Just how big does your screening collection need to be?

Here’s something that you will never hear said inside a drug discovery group: ‘You know, I’m sure that our screening collection is already large and diverse enough. Let’s just go with what we have.’ At least, I can tell you that I’ve never heard that one – and if I did, I would immediately back away from the person saying it for fear of what they might do next. All things being equal, an opinion like that would be regarded by many as prima facie evidence of mental instability.

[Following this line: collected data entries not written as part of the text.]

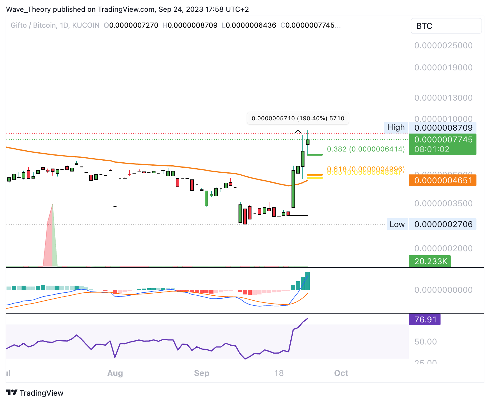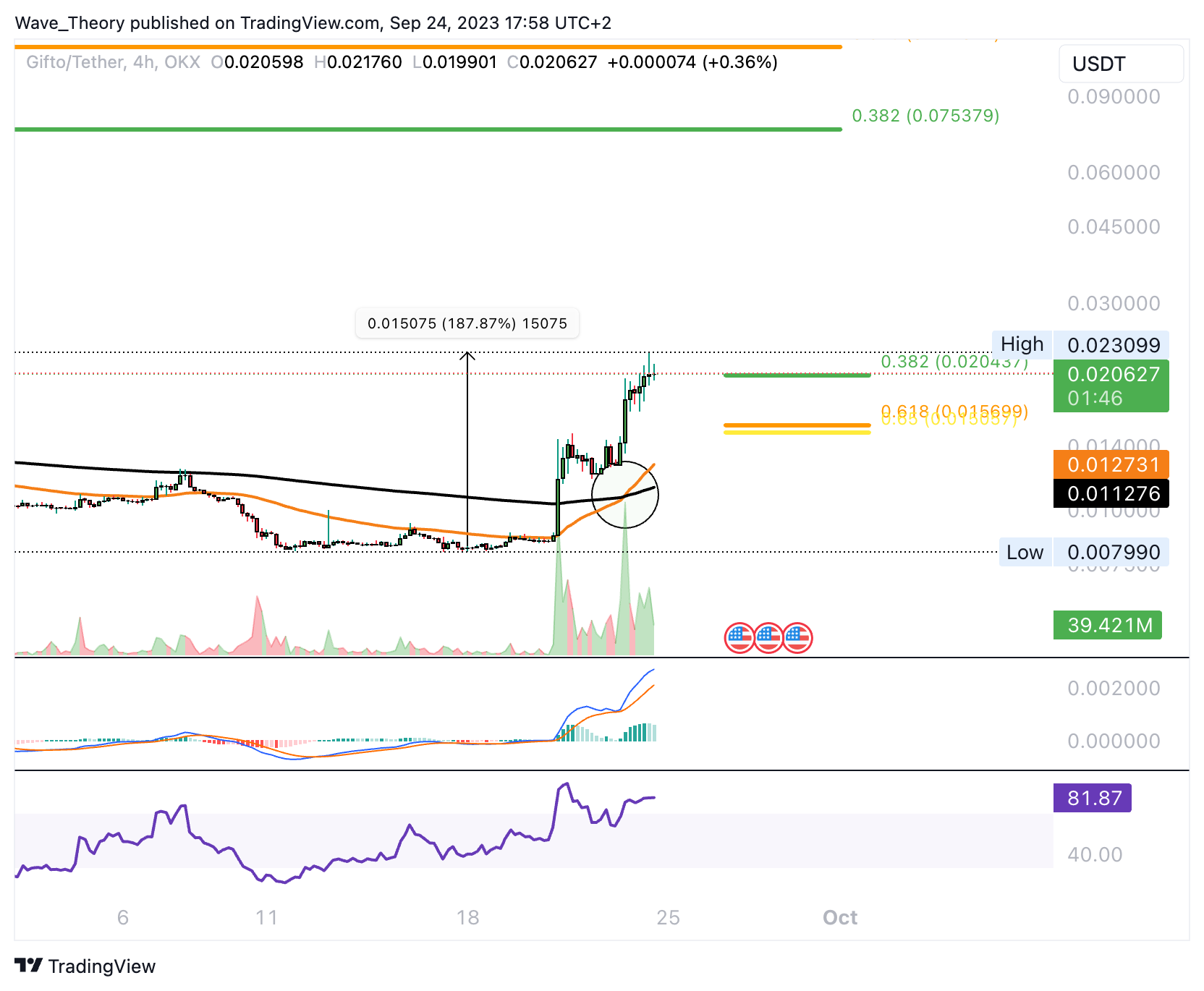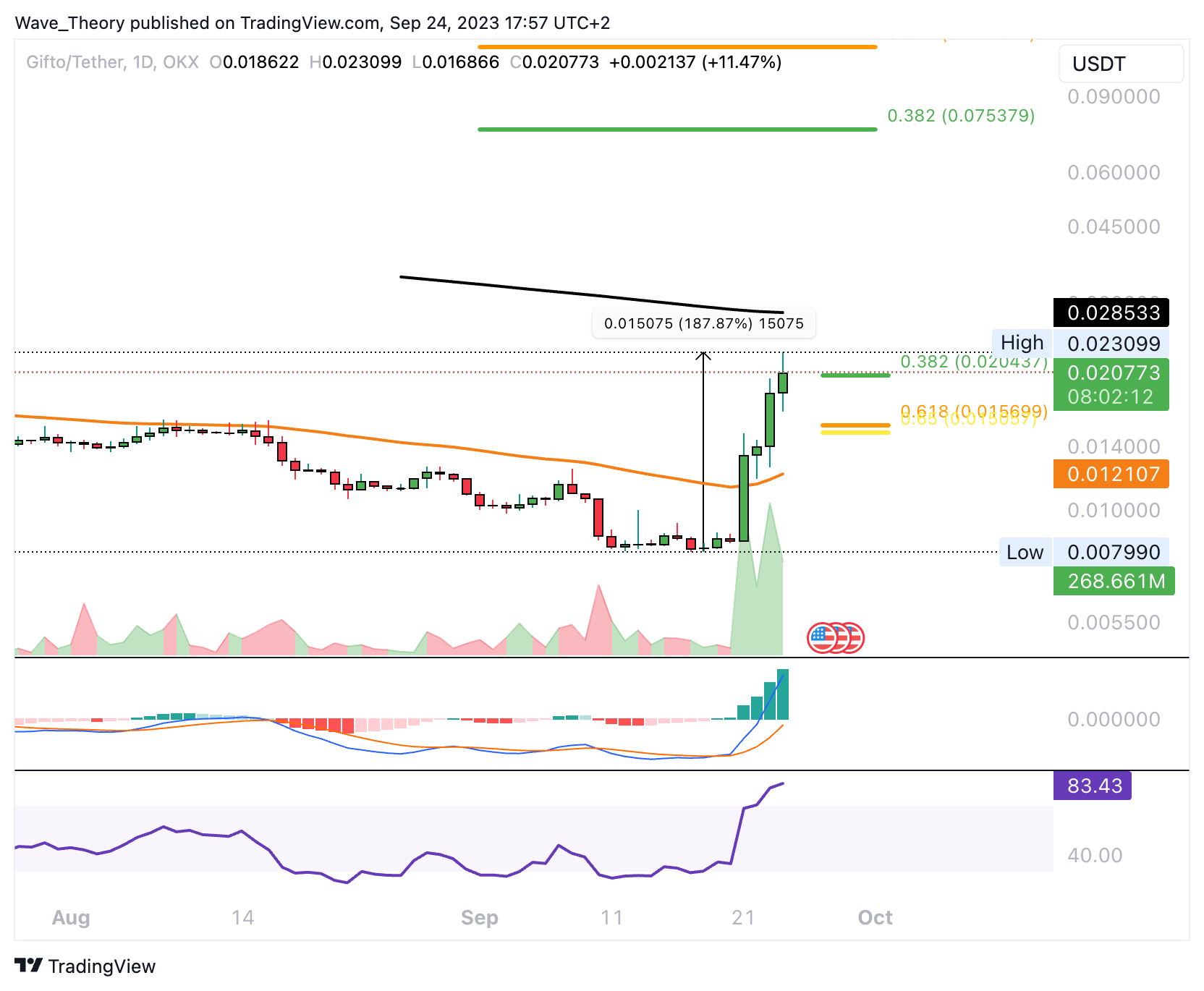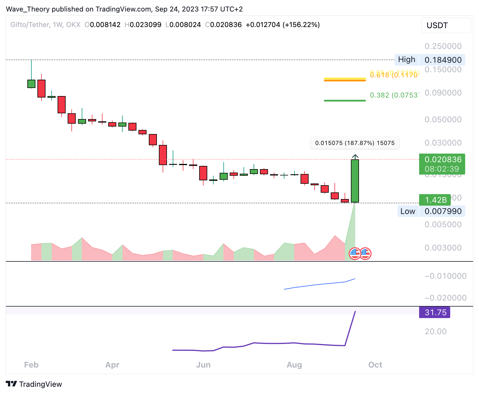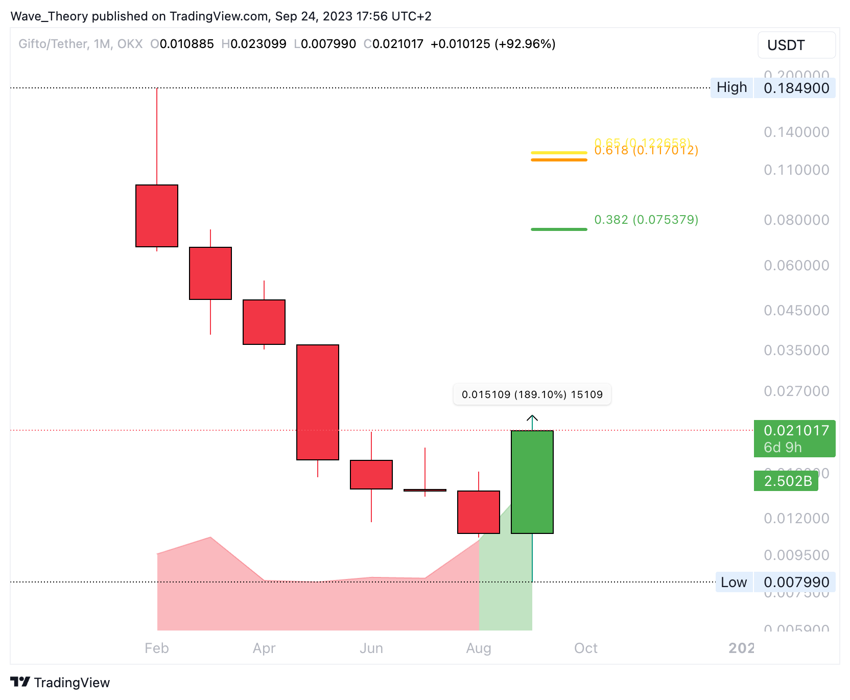 Auf OKX wird dieser Coin unter anderem am längsten gehandelt. Diese Woche ist die bullischste Woche, die dieser Coin seit Handlungsstart auf OKX je erlebt hat. Die nächsten signifikanten Fibonacci Widerstände sind dabei aber noch weit entfernt, denn diese liegen bei rund 0,075 USD und 0,12 USD. Tatsächlich befindet sich Gifto seit Handlungsstart auf OKX in einem massiven Abwärtstrend.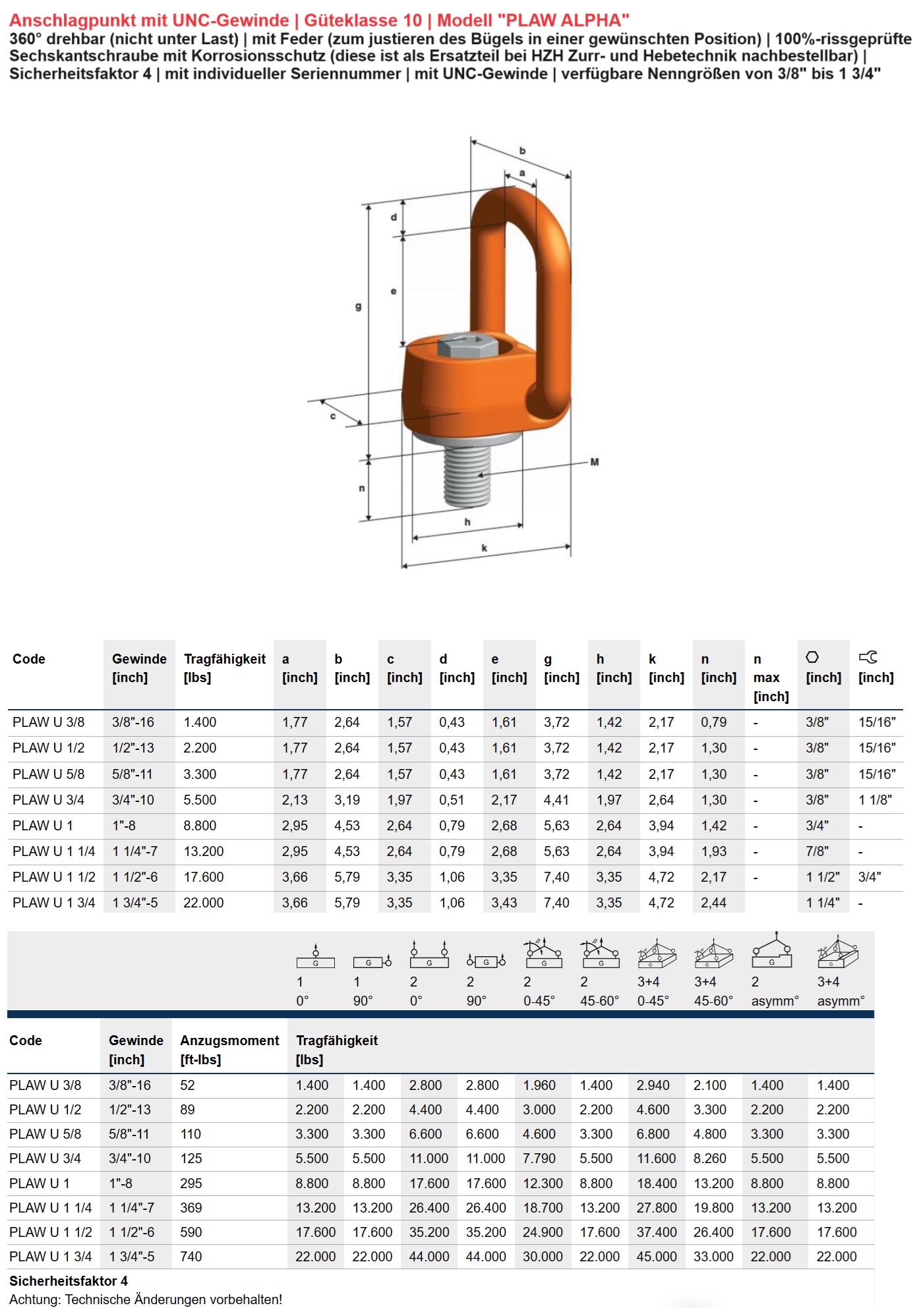 Startseite » IV. Anschlagpunkte » a) Anschlagwirbel » Anschlagwirbel mit Bügel | GK 10 | UNC-Gewinde | Modell "PLAW-UNC"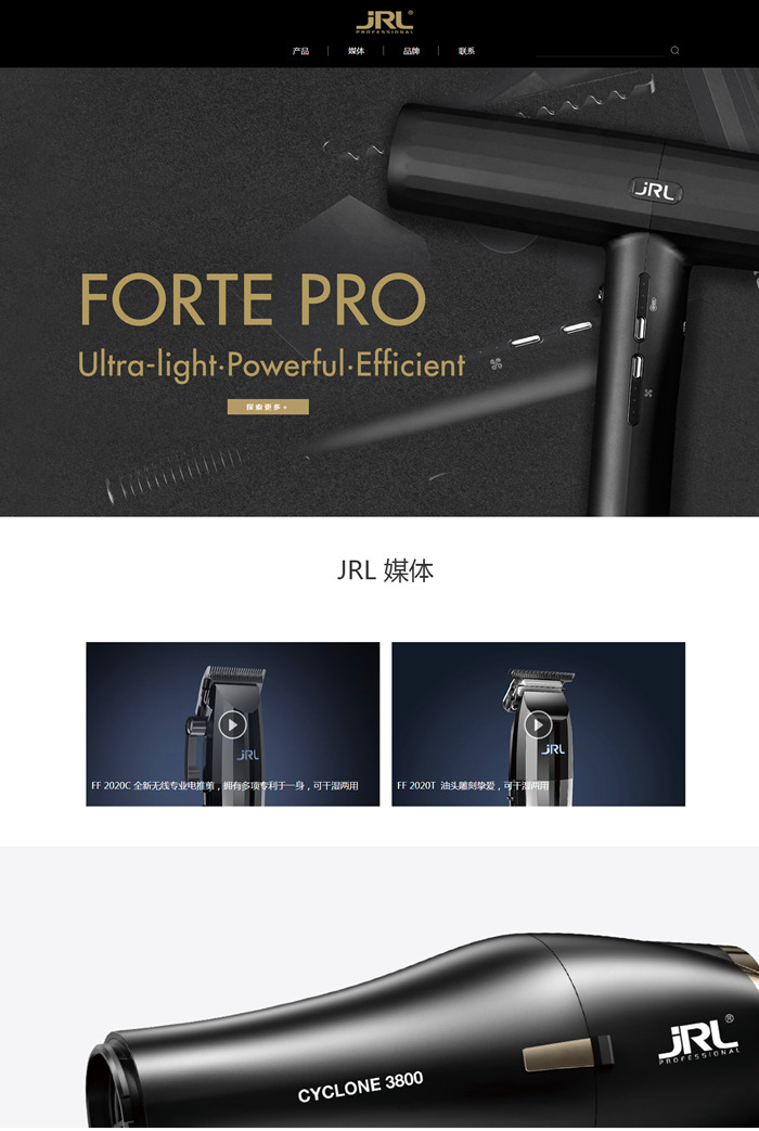 JRL品牌产品种类繁多,有高端电吹风机,智能电推剪,直发夹和卷发棒等发廊和美发学院专业用工具。该品牌的产品设计一直以革新和高品质为核心,现拥有30多个专利技术应用在产品上。

Female scientist using bar-code reader in a drug molecule library

Source: © P. Dumas/Eurelios/Science Photo Library

Is it? We’ll tackle that question in stages. To some extent, it depends on what sort of target you’re screening against. For example, many drug companies have collections that are well-stocked with kinase inhibitors – and probably feel that they’re a bit too well stocked with them, and wish that the deck had a lower proportion of the things. If you work for such a company and are screening a kinase target, then you should expect at least a few legitimate hits. These may not be selective, or in chemical classes that you want to work in again just yet, but they will be real. And in that case, yes, your screening collection is sufficiently large.

But things will be different if you’re working on a more unusual target, particularly one from a whole class of proteins that hasn’t been investigated much. Here, it’s possible to screen even large compound collections and come up with nothing that’s particularly appealing (or even worse, nothing that turns out to be particularly real). In such cases, people are wont to blame the collection itself – if the darn thing were larger, or if it weren’t full of methyl-ethyl-butyl-futile analogues from past projects, or weren’t so packed with (say) kinase inhibitors, well, we might be able to make some progress around here for once. There is no purer form of the-grass-must-be-greener longing in early-stage drug discovery than is brought on by thoughts of a better screening collection. They’re out there somewhere! Real hits, real leads – why, this project could already be rolling along! But here we sit, becalmed in a wide sea of apparently worthless compounds. Who put all this stuff in the deck, anyway?

These are the unrequited desires that led to DNA-encoded libraries. A good-sized compound collection is in the million-structure range; maybe even a few million, in the more well-stocked parts of the business. But most DNA-encoded libraries probably have ten times that many compounds (or more) in a single little plastic vial: wouldn’t you expect a hit if you could screen ten times as many compounds? Admittedly, those compounds will all be derived from the same core structure, but come on! Ten or 20 million of them! And that’s just one of the libraries. I guarantee you, no committee charged with expanding the screening deck is planning on making it only ten times bigger; anyone seriously doing that sort of screening probably has a whole lineup of different ones, easily pushing towards 500 million compounds in total. You don’t think that there’s a hit in there somewhere?

To be honest, the answer is still ‘maybe not’. Some targets are like that, unfortunately. But against those, is there any size of screening collection that would do the trick? There are definitely cases where DNA-encoded libraries or other similarly huge auxiliary collections (unusual peptides, for example) have delivered hits while the standard screening deck has not. That in itself is enough to make the we-need-more-compounds advocates feel as if they’ve won the argument. But no one is sure that if you screen, say, a totally disordered protein you should expect any real hits at all, no matter how many compounds you throw at it. Plotting hit rates of assays will give you a horribly long-tailed distribution, and no one knows how far it extends. Exploring it will take you up another unknown curve, where you keep spending more and more time and money with no way to predict a safe landfall.

So at one end of the range you can be nearly certain that you’ll get chemical matter out of the screen; at the other, it may be that there simply is no such thing to get. (I’m not sure I believe in that latter category myself, but neither do I have any proof that it doesn’t exist.) It’s in that wide, middle ground that people can always complain about the compounds they have… and dream about the ones they don’t.